Retype exactly the span of lines below from the one with "陈艾森为华农服务十五运会和残特奥会师生宣讲团授旗" through the one with "Create a list". Do not include pictures.

- _Exercise data_:

□ □ □ □ □

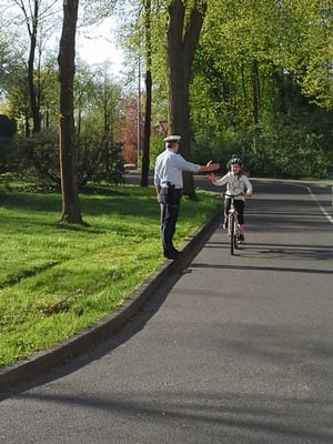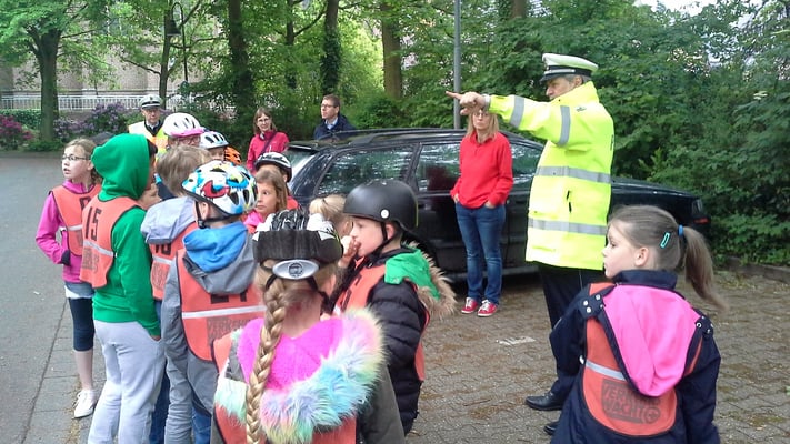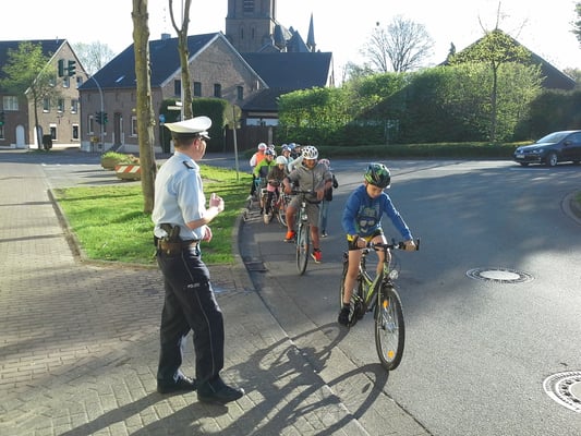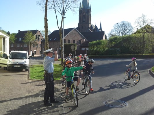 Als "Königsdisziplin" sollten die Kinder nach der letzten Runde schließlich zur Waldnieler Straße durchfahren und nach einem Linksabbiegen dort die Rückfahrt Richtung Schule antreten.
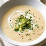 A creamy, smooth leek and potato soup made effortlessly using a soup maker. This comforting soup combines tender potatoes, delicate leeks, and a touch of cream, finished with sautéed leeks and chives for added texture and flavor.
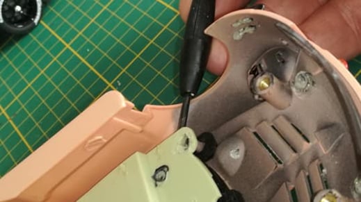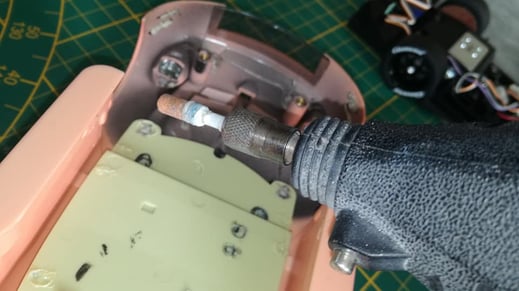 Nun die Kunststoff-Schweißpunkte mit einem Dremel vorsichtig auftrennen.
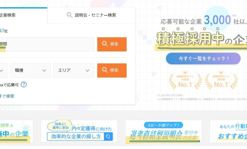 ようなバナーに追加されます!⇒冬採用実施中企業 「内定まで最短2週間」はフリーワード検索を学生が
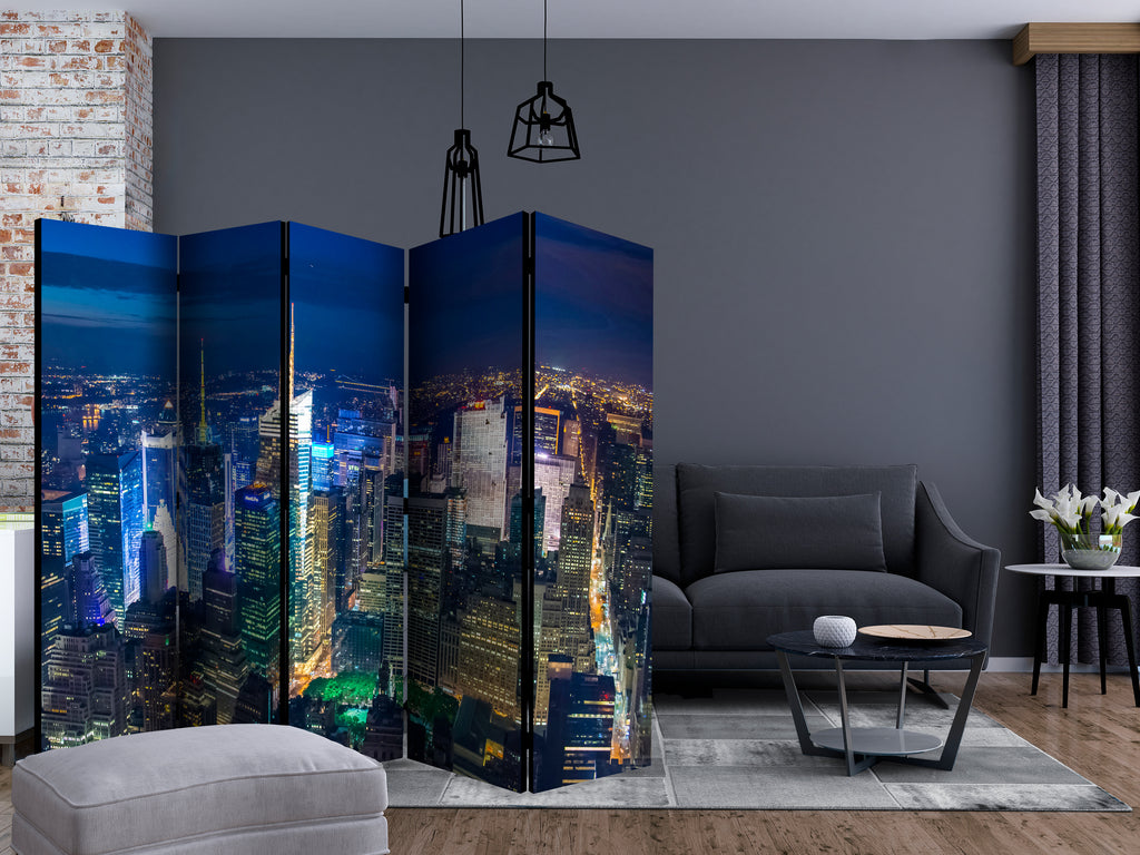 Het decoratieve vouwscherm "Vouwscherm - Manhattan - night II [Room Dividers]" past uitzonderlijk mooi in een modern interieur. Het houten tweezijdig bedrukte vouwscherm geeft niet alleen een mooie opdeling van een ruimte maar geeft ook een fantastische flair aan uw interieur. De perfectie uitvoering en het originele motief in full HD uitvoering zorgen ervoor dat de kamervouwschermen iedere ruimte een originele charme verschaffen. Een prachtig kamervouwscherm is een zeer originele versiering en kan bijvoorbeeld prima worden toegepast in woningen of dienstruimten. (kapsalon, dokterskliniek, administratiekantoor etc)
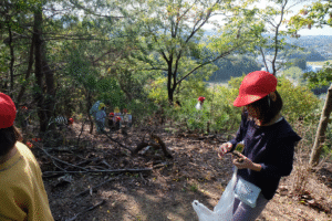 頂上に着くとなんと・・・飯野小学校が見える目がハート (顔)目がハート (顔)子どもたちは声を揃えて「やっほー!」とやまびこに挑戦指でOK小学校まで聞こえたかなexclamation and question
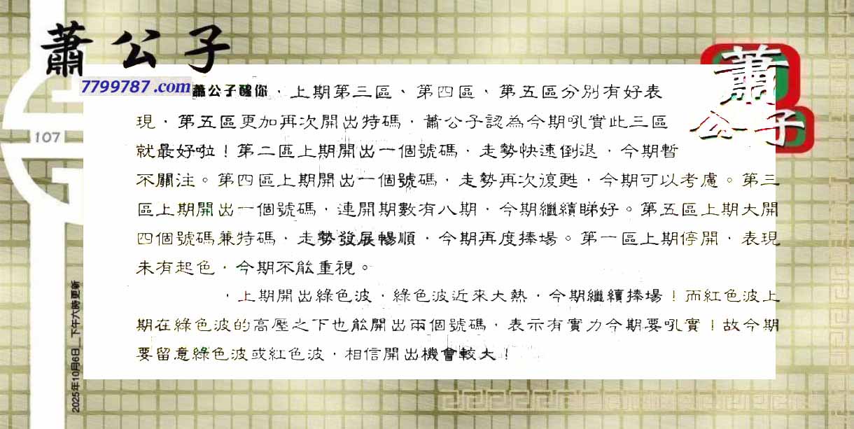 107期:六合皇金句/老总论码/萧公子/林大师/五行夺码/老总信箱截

□ □ □ □ □

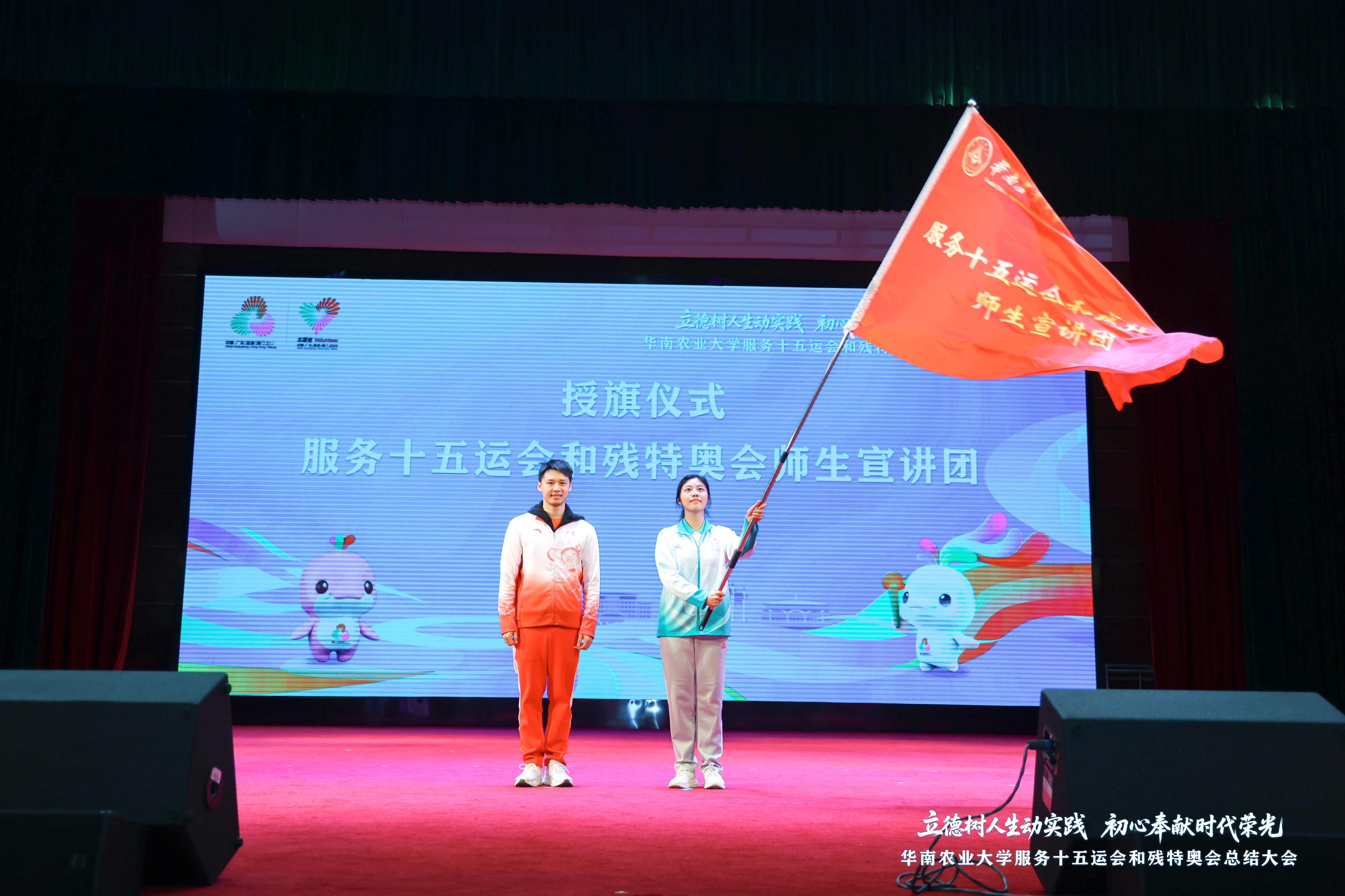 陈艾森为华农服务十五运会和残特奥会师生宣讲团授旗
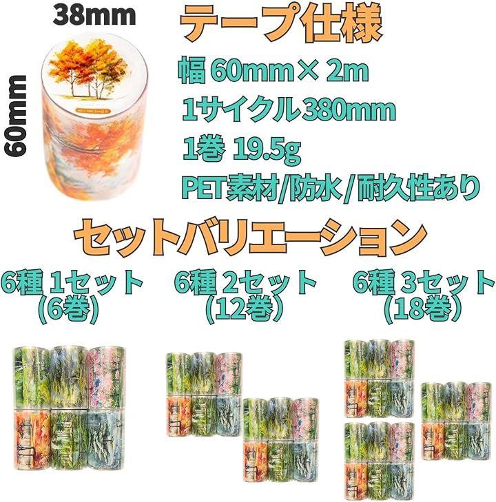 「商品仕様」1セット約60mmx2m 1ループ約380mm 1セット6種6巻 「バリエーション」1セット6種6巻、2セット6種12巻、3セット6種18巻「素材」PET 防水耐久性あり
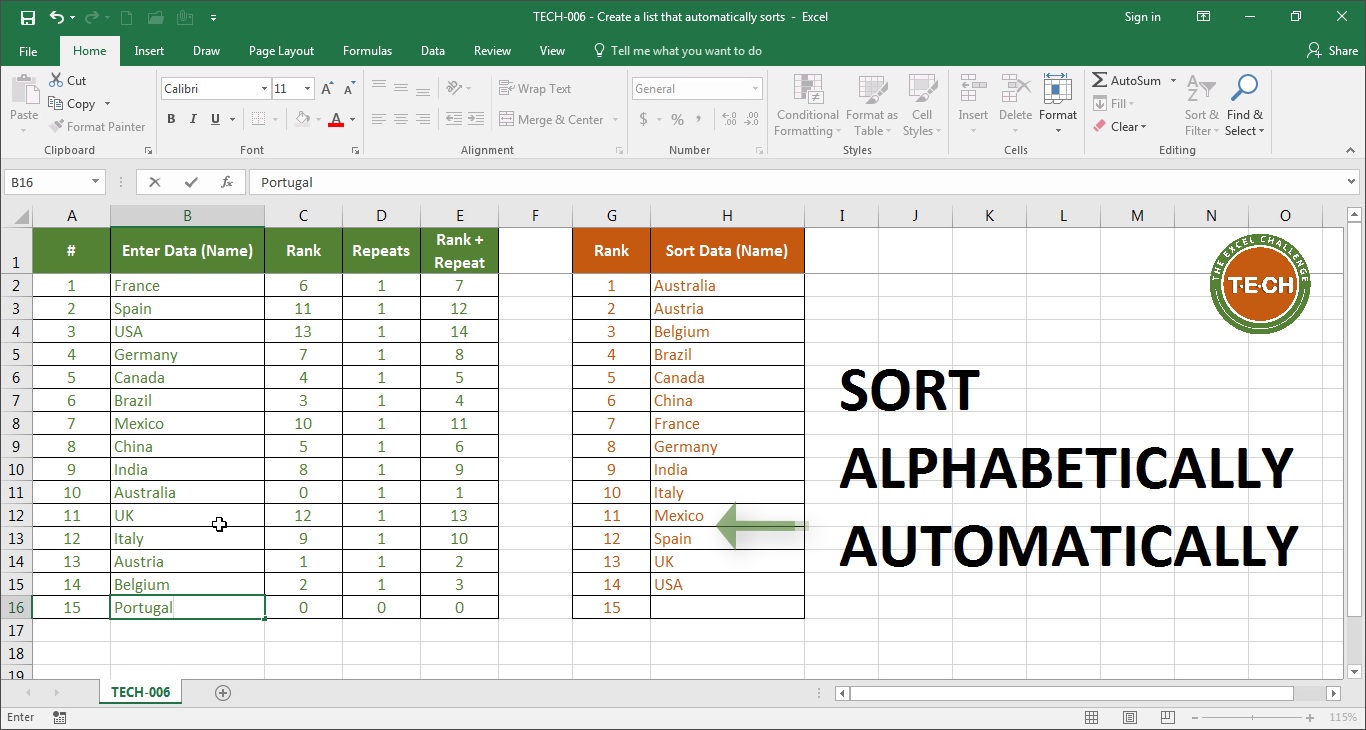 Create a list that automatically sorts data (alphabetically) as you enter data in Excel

□ □ □ □ □

- _Solution to the exercise_:
 陈艾森为华农服务十五运会和残特奥会师生宣讲团授旗
 「商品仕様」1セット約60mmx2m 1ループ約380mm 1セット6種6巻 「バリエーション」1セット6種6巻、2セット6種12巻、3セット6種18巻「素材」PET 防水耐久性あり
 Create a list that automatically sorts data (alphabetically) as you enter data in Excel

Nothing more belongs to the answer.